October 03, 2013 via Pepsi
The Five Types of Rock Stars You Meet in the Music Business
You've got to admire rock stars; from smashing guitars to million pieces on stage to turn a hotel room into a war scene. Rock stars are iconic characters in music for their influence on pop culture, have a massive fan base, and are unpredictable. Most people think of rock stars being rebellious guitarists with lots of tattoos and weird outfits but in fact most rock stars come in many different styles. Click through our list and check out The Five Types of Rock Stars You Meet in the Music Business.

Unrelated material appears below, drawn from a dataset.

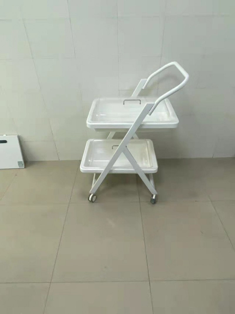 内镜转运车其周转箱材料亦由制造清洗槽台面的高分子复合材料独立开模制成,车体由不锈钢喷塑而成,具有耐腐蚀、不沾水、车行顺畅、取放方便等优点。盆内内镜存放导航隔条使污染部位和非污染部位分离。多层设计使客户在使用过程中可将清洁和污染的内镜分层标明后置放,避免交叉感染等功能。
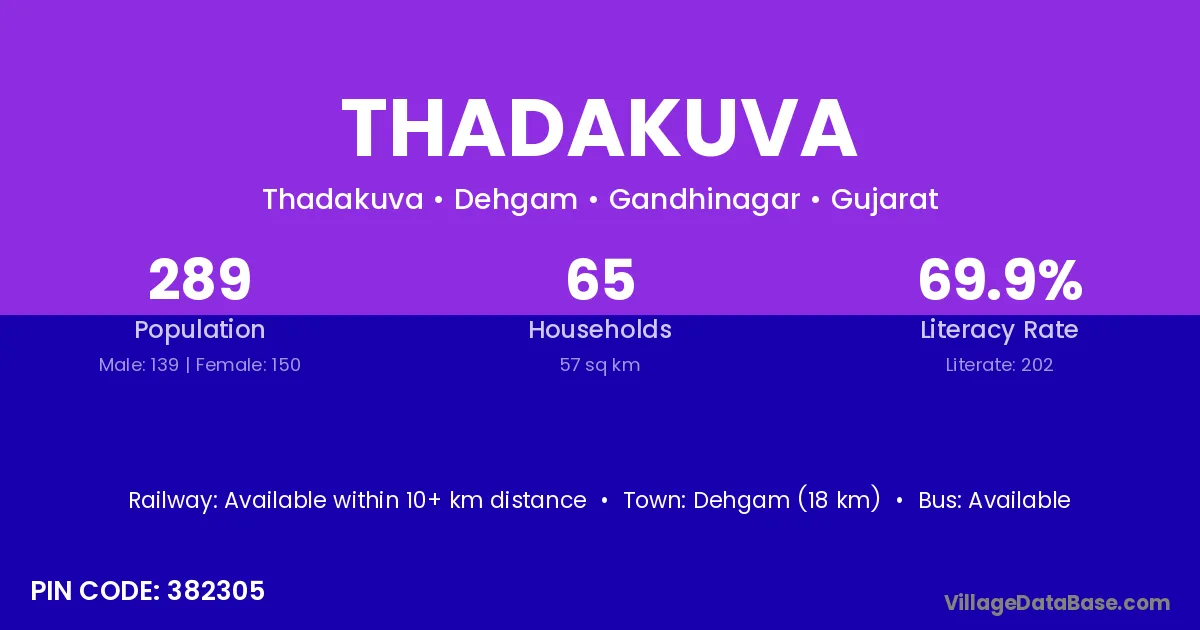 Dehgam (18 km) is the nearest town to Thadakuva village for major economic activities and is located approximately 18 km away.

A relatable rocker is pretty self-explanatory. They enable an audience to feel that they can relate to the artists music. Most artists take influences from personal experiences and create music around it. People like Dan Auerbach, Kid Cudi, Fabrizio Moretti, and Kendrick Lamar are all known for their poetic storytelling of real life situations. It’s benefited them throughout their career from an on-growing fan base that relates to their music.
Apathetic rockers are the most rebellious of the five types of rock stars. They feign amusement, but always keep an understated cool best backed by a slick pair of shades. Legendary musician, Kurt Cobain, fits the profile of an apathetic rocker--grunge rock in particular lends itself to the type. Just to be clear, it's not really about not caring, just about the appearance of not being affected. Current notable apathetic rockers might include people like Zachary Cole Smith of DIIV and all members of The Vaccines.

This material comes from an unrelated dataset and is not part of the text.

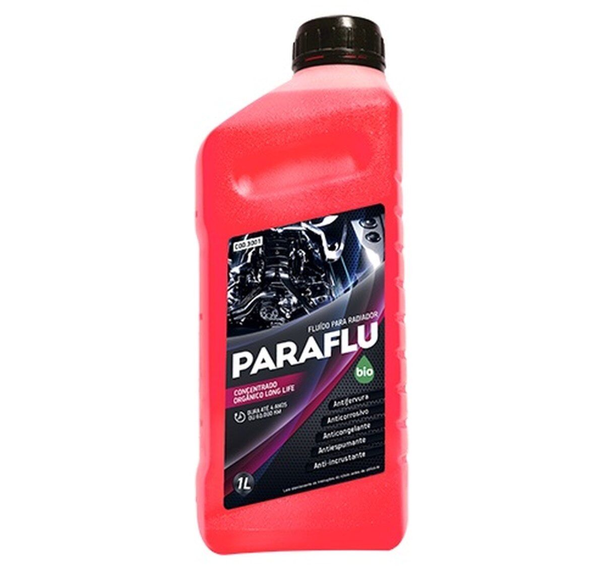 O fluido Paraflu Bio Orgânico Concentrado possui uma formulação balanceada a base de glicóis e inibidores de corrosão orgânicos que foram desenvolvidos com a mais alta tecnologia para oferecer máxima proteção para o sistema de arrefecimento de motores endotérmicos de automóveis, utilitários, caminhões, máquinas agrícolas e motores estacionários. Paraflu Bio Orgânico possui a tecnologia Long Life OAT (Organic Acid Tecnology), que aumenta a vida útil do motor lubrificando a bomba d’água, a válvula termostática, evitando o ressecamento das mangueiras e protegendo contra a corrosão todos os tipos de motores. Sua formulação eleva o ponto de ebulição e reduz o ponto de congelamento, protegendo também contra o superaquecimento e o congelamento além de proteger contra a cavitação e não atacar os sensores eletrônicos. Possui propriedade antiespumante e anti-incrustante.

Emo Rockers take great care to perfect their images in the spotlight. Keeping their hair dyed black, pink, blue, or any color under the rainbow, putting on full makeup and edgy accessories, and making sure their dressed to impress comes high priority. Emo broke into mainstream culture in the early 2000s with the platinum-selling success of bands like Jimmy Eat World and Dashboard Confessional and the emergence of the sub-genre "screamo." A variety of artists, including multiplatinum acts and groups with disparate styles and sounds, have been dubbed emo. Who doesn’t get down with a little angst every now and then? Looking for a cue? Try watching some music videos from favorites like Panic! At The Disco, The All American Rejects, The Fray and Jimmy Eat World. Drake could potentially fall into this category, feel free to discuss on Twitter.

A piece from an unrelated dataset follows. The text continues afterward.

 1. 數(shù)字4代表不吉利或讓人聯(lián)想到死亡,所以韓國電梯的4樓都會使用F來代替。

“Crossover” is when an artist performs a certain type of music that is typically more emerging, but reaches a mass audience and achieves popularity. Canadian R&B artist The Weeknd is prime example of a crossover rock star. His House of Balloons, Thursday, and Echoes of Silence mixtapes were independent releases back in 2011 but reached mainstream success through word of mouth, praises from Pitchfork, Rolling Stone, XXL, and The New York Times. Now The Weeknd loves to show off his cross-genre chops by doing things like collaborating with Diplo and Sia on a pop song for Catching Fire. He really can go anywhere, just ask him.
Power rockers tend to be pointedly self-obsessed artists who believe in their own hype just as much as their fans. Kanye West is incredibly talented, and he’ll be the first one to tell you. Hey--he can back it up. If you achieve as much as Kanye has in his career a healthy dose of confidence is well-deserved, right?